Arefeh Ravanbakhsh

Pelger-Huët anomaly (PHA) is a genetic condition reported in numerous species characterised by nuclei hyposegmentation of granulocytes (neutrophils, eosinophils, and basophils).

Nuclei of granulocytes can appear oval, kidney-shaped, bean-shaped, band-shaped or bilobed.1 This anomaly has been described in dogs, cats, horses, rabbits, and humans.1 It is thought that a defect occurs at the stem cell level as bone marrow megakaryocytes can also be affected.2 In humans. Pelger-Huët anomaly has been attributed to a mutation in lamin-B receptor gene which codes an integral nuclear envelope protein.2 In most cases, this is an autosomal dominant hereditary anomaly, with no clinical consequences in heterozygous individuals; however, it can be lethal in homozygous individuals.2,3

Although uncommon, it is important to be aware of this anomaly to avoid misinterpretation of acute inflammation when examining blood smears.

Assessment of a blood smear as part of a routine CBC (such as a presurgical screen) in an otherwise healthy patient can be a fantastic way to pick up on this anomaly.  In patients with PHA almost all of the neutrophils are hyposegmented. At first glance it may appear that the patient has a severe left shift, suggesting an overwhelming inflammatory response. However closer scrutiny of the neutrophils and other granulocytes reveals several clues to differentiate PHA from acute inflammation.

Figure 1: Blood smear from a canine patient with Pelger-Huet anomaly, 100x oil.

Figure 1 shows a blood smear from a patient with PHA while Figure 2 is from a diabetic patient with evidence of acute inflammation.

What differences can be appreciated and how can band neutrophils
be distinguished from segmented neutrophils?

A band versus segmented neutrophil can be differentiated by closely examining the width of most narrow portion of the nucleus and comparing that to the widest part of the nucleus.

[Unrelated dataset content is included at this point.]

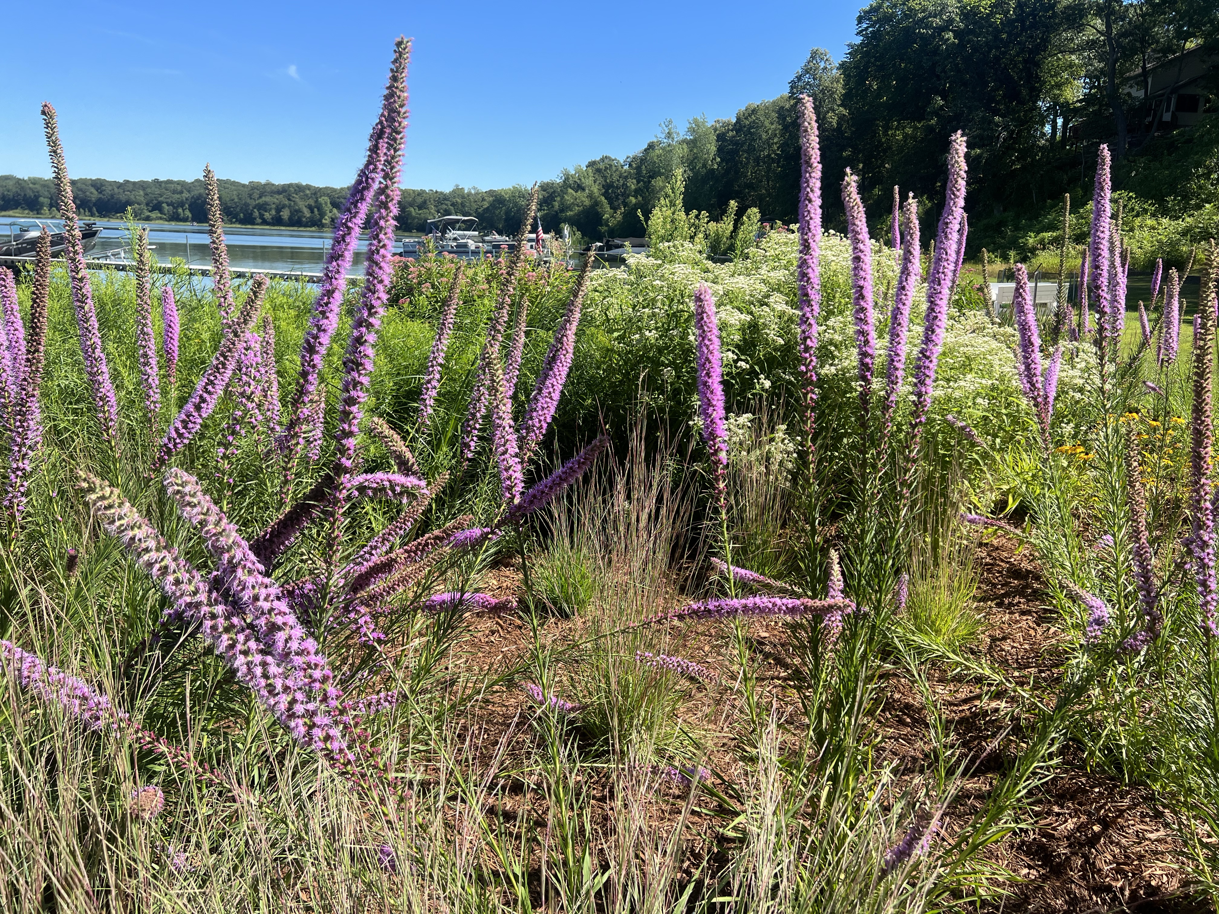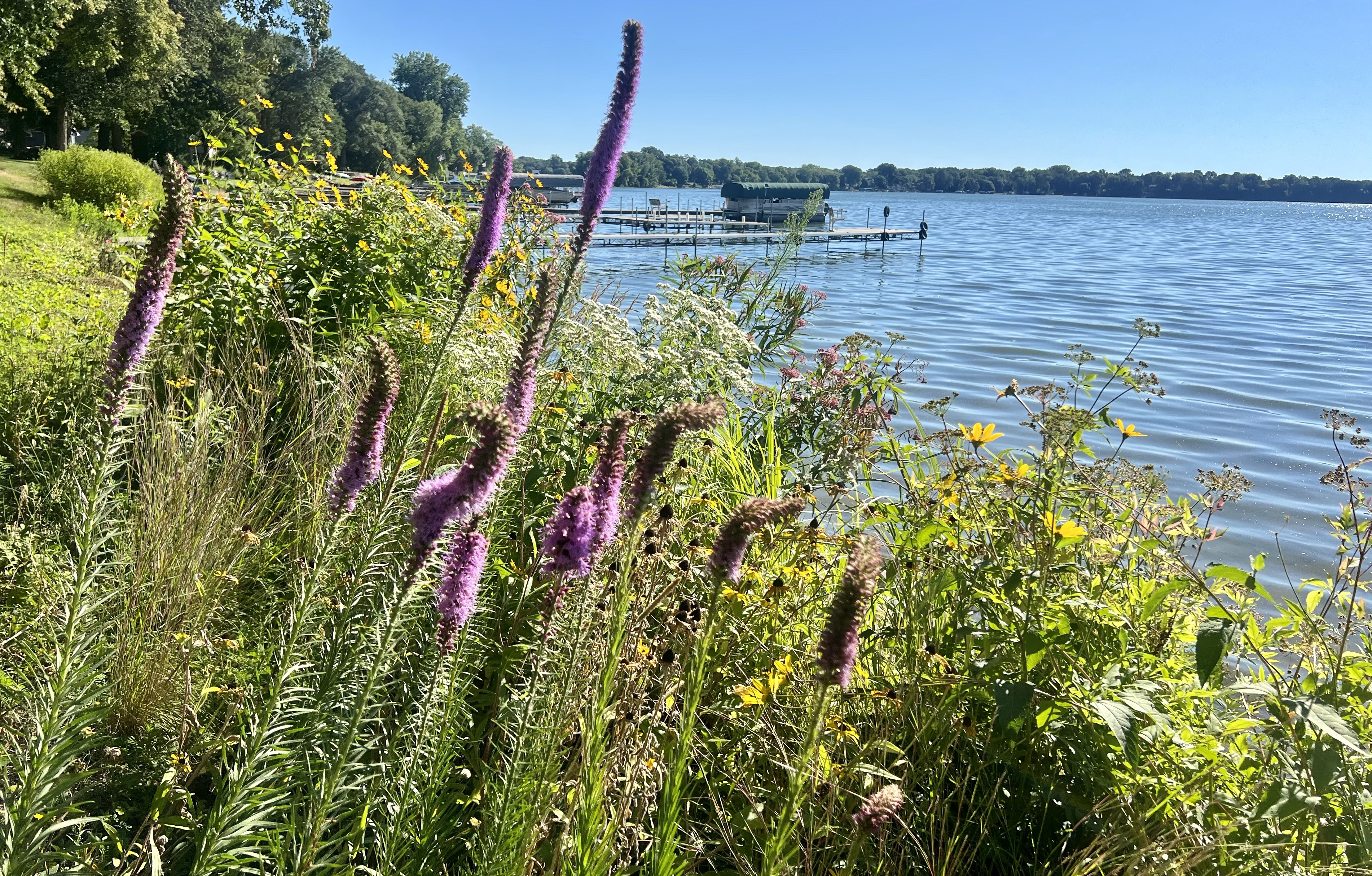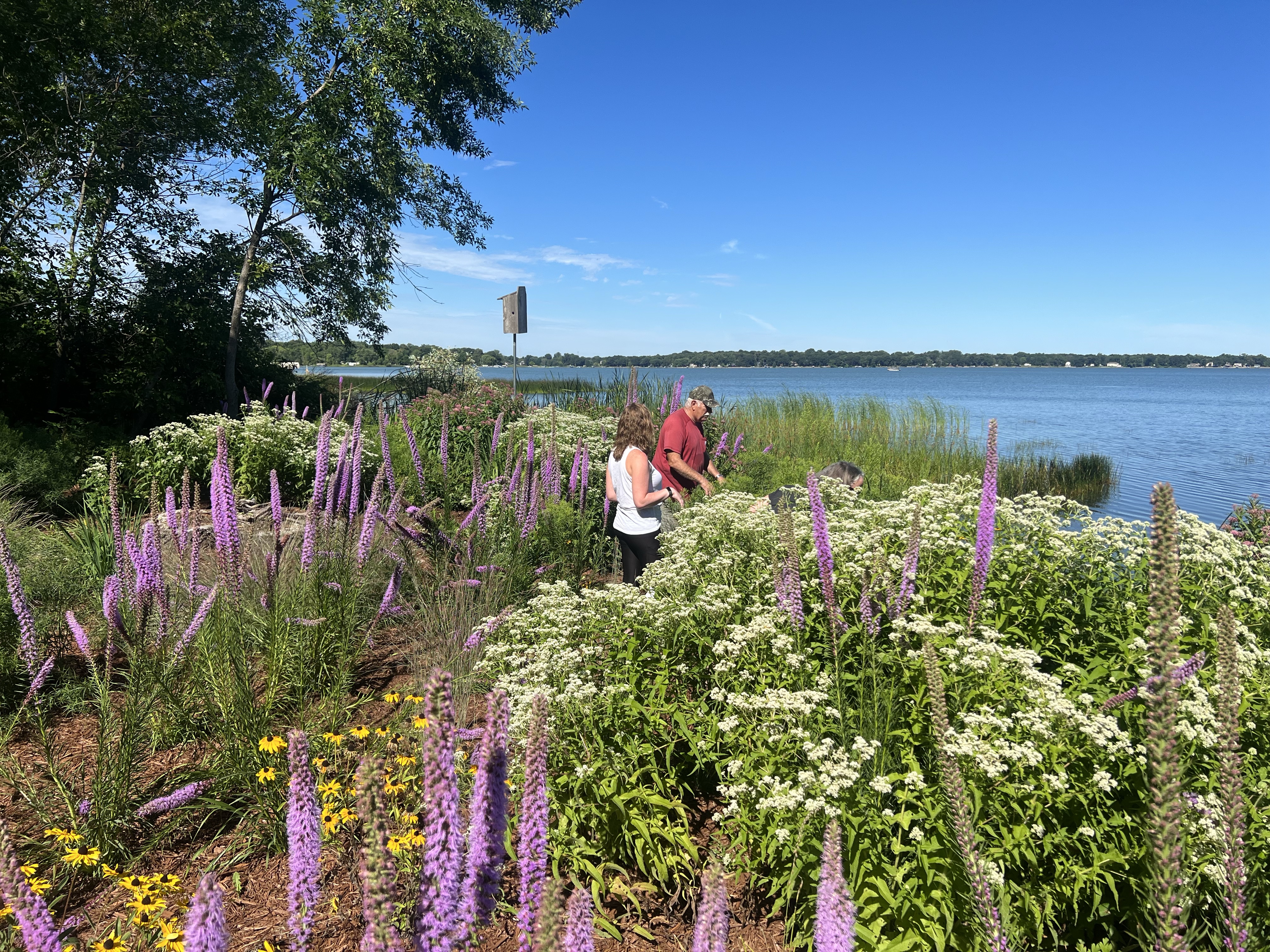 “It’s so satisfying watching people go through this process and seeing them fall in love with their gardens. Plus, they recognize that they get so many more benefits out of their gardens than just helping pollinators. The deep roots of the native plants help reduce and filter runoff while also stabilizing shorelines, reducing pollution inputs to the lakes. These plants don’t need fertilizers and are more drought-resistant, saving people money. You get gorgeous blossoms all season long, invasive plants aren’t able to thrive, and people even notice that geese end up being less of a problem since they don’t like taller grasses and plants,” she says.

Segmented neutrophils have a tight constriction between nuclear lobes. The narrowest part of the constriction should be <1/3 the width of the thickest part of the nucleus. If the width of a constricted part of the nucleus is >1/3 the width of the thickest part of the nucleus, the cell is a band. In both Figure 1 and Figure 2 neutrophils with a band-shaped nuclei are present (arrows). Further assessment of their cytoplasmic features and chromatin pattern can aid to determine if the band neutrophils are due to release of immature neutrophils secondary to a strong inflammatory stimulus vs a genetic anomaly.

Figure 2: Blood smear from a canine patient with acute inflammation. Arrows indicating band-shaped nuclei. 100x oil.

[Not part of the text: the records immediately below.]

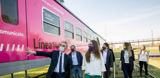 Gómez Alcorta y Meoni presentaron la campaña de difusión de la Línea 144 en los trenes argentinos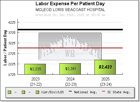 Changes in acuity are nearly always reflected in both "Length of Stay" (sicker patients tend to stay longer) and "Labor per Discharge" (sicker patients require more labor per day). Therefore, dividing the "Labor per Discharge" by the "Length of Stay", produces a scalable measure that truly captures an organization's change in labor utilization (against volumes) over time. The measure is "automatically" acuity adjusted and tells a far more detailed story than any other single risk factor (See section above).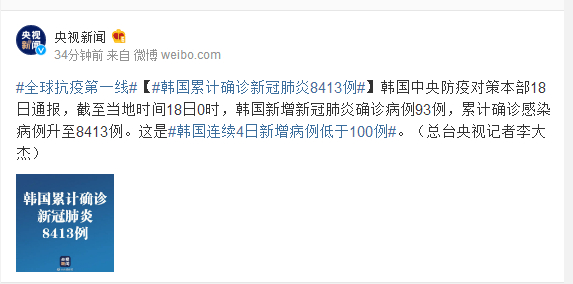 韩国中央防疫对策本部18日通报,截至当地时间18日0时,韩国新增新冠肺炎确诊病例93例,累计确诊感染病例升至8413例。这是#韩国连续4日新增病例低于100例#。(总台央视记者李大杰)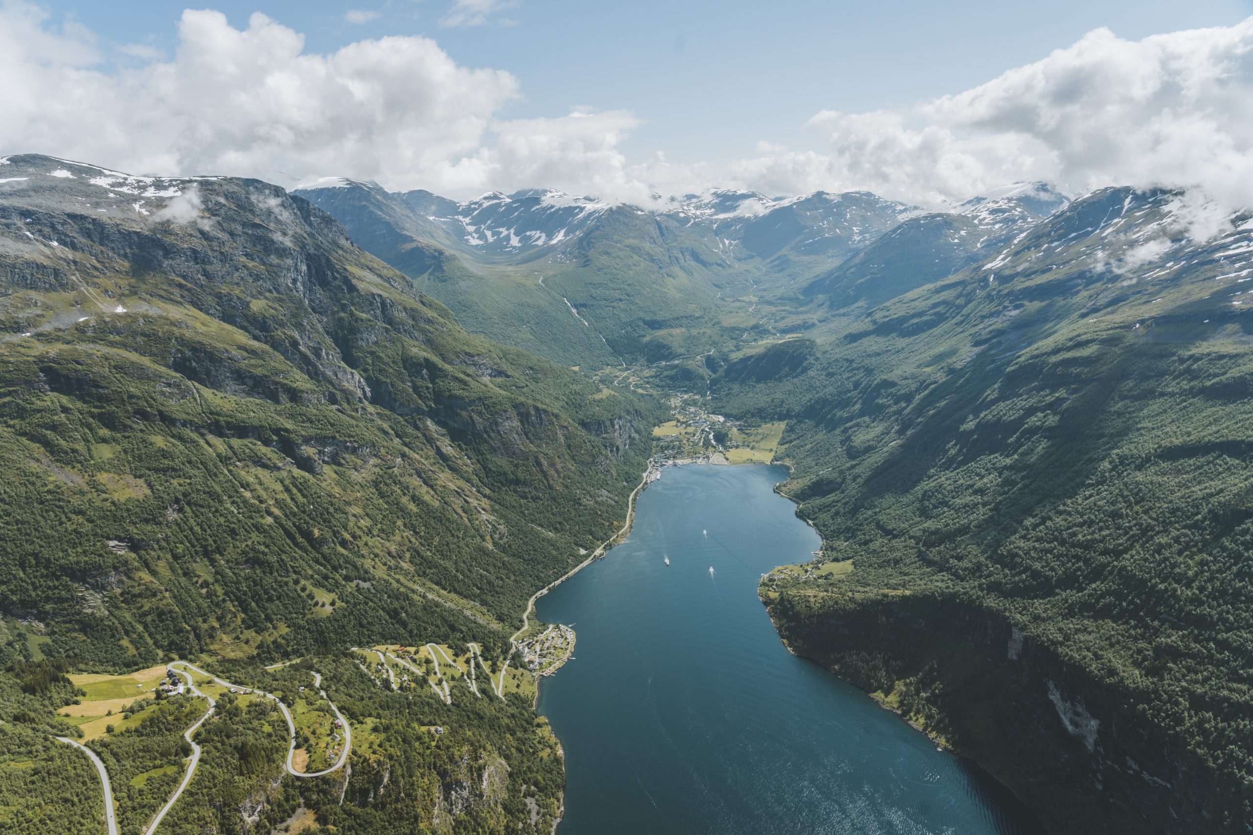 Å se Geirangerfjorden fra helikopter er en opplevelse som gir deg et helt nytt perspektiv på området. Fra lufta har du en panoramautsikt som avslører fjordens dyp og bredd, de omkringliggende fjellene, og de mange fossefallene som stuper ned i vannet. Du vil se hvordan fjorden slynger seg gjennom landskapet som en blå slange, omkranset av snødekte topper og grønne daler. Denne utsikten gir deg en dypere forståelse av fjordens størrelse og de naturlige kreftene som har formet den over tid.

The cytoplasm of the band neutrophils in Figure 2 display cytoplasmic basophilia and some contain Döhle bodies. Cytoplasmic basophilia, Döhle bodies as well as cytoplasmic vacuolation and toxic granulation are all signs of toxic change which indicates accelerated maturation through the bone marrow supporting an inflammatory response.  The banded neutrophils in Figure 1 do not display toxic change and have cytoplasmic features of normal mature segmented neutrophils.

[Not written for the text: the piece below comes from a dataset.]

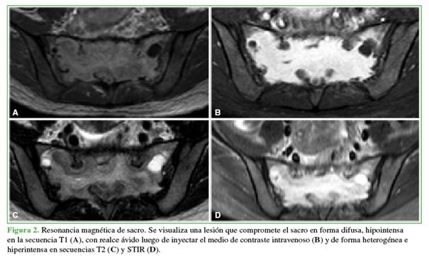 una lesión que comprometía el sacro de forma difusa, hipointensa en la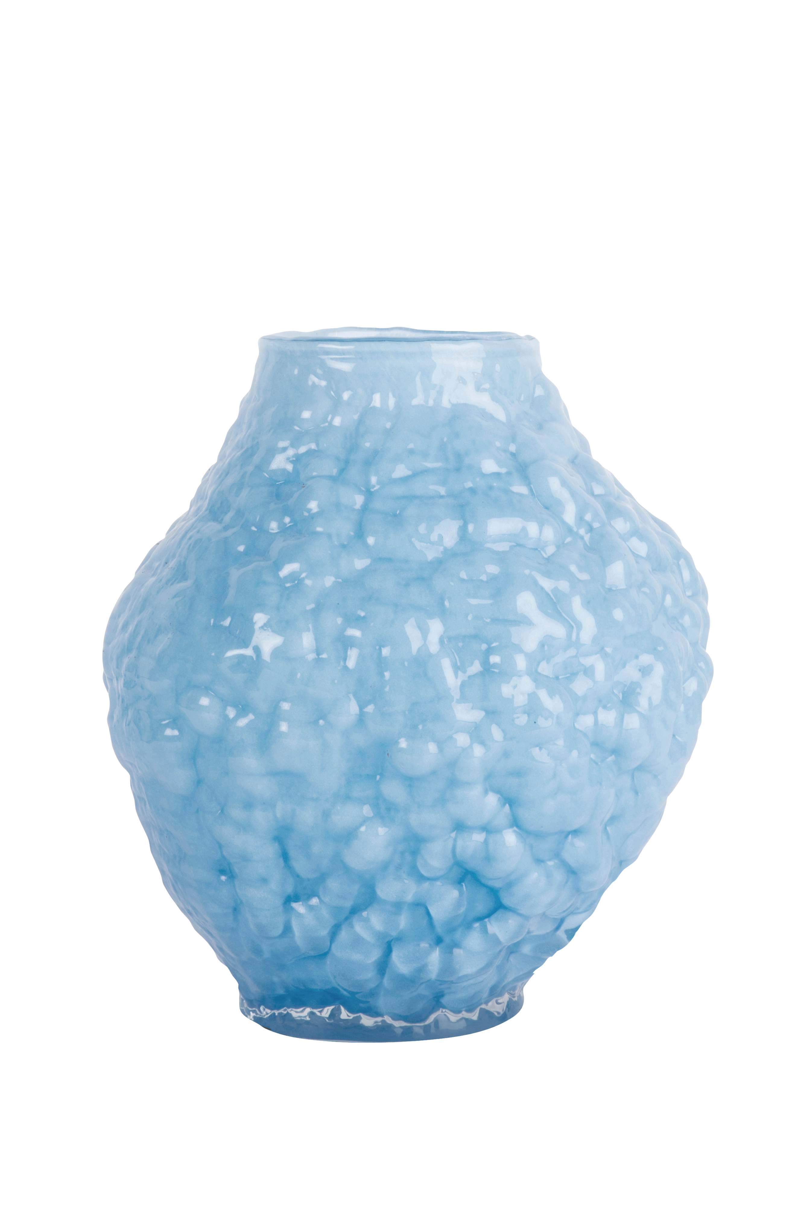 Teksturen i Corallo smalls glas minder om en koral på havbunden - organisk og beslægtet med vores ven Watery. Formen er uregelmæssig og ekstravagant med en perfekt størrelse, der passer overalt eller kombineres smukt med andre. Den fås i bløde, mælkeagtige toner af havblå eller pistaciegrøn eller i klassisk klart glas til at fremvise stængler og grene. Materialet er mundblæst glas, hvilket gør hver vase unik. Variationer i farve og tekstur kan forekomme. Designet af Byon Studio. Leveres i en Byon-æske.

The second clue is the chromatin pattern. The banded cells in Figure 1 have densely clumped chromatin pattern while the banded cells in Figure 2 have more loosely clumped chromatin pattern. Furthermore, patients with the inflammatory response have a mixture of bands and segmented neutrophils. Patients with PHA have uniformly hyposegmented neutrophils. 

Another helpful hint would be to assess the nuclear morphology of other granulocytes. Figure 3 is from the same patient with PHA. Note that the eosinophil nuclei is also hyposegmented.

Figure 3: Blood smear from a canine patient with Pelger-Huet anomaly, 100x oil.

Pelger-Huët anomaly should also be differentiated from pseudo-Pelger-Huët anomaly where granulocyte hyposegmentation occurs not due to a genetic condition but rather secondary to other underlying pathology such as myelodysplastic syndrome, chronic infection, or administration of some drugs. In pseudo Pelger-Huët, only a minority of granulocytes display hyposegmentation.2


1. Harvey JW. Veterinary Haematology, A Diagnostic Guide and Color Atlas. Elsevier St. Louis Missouri, USA, 2012.
2. Valenciano AC, Cowell RL. Cowell and Tyler’s Diagnostic cytology and Hematology of the Dog and Cat. 5th Edtn. Elsevier St. Louis Missouri, USA, 2019
3. Vale A.M et al. Pelger-Huët anomaly in two related mixed-breed dogs. J Vet Diagn Invest. 4:863-5, 2011
4. Deshuillers. P, Raskin Rm Messick J. Pelger-Huët anomaly in a cat. Vet Clin Pathol. 3:337-41, 2014.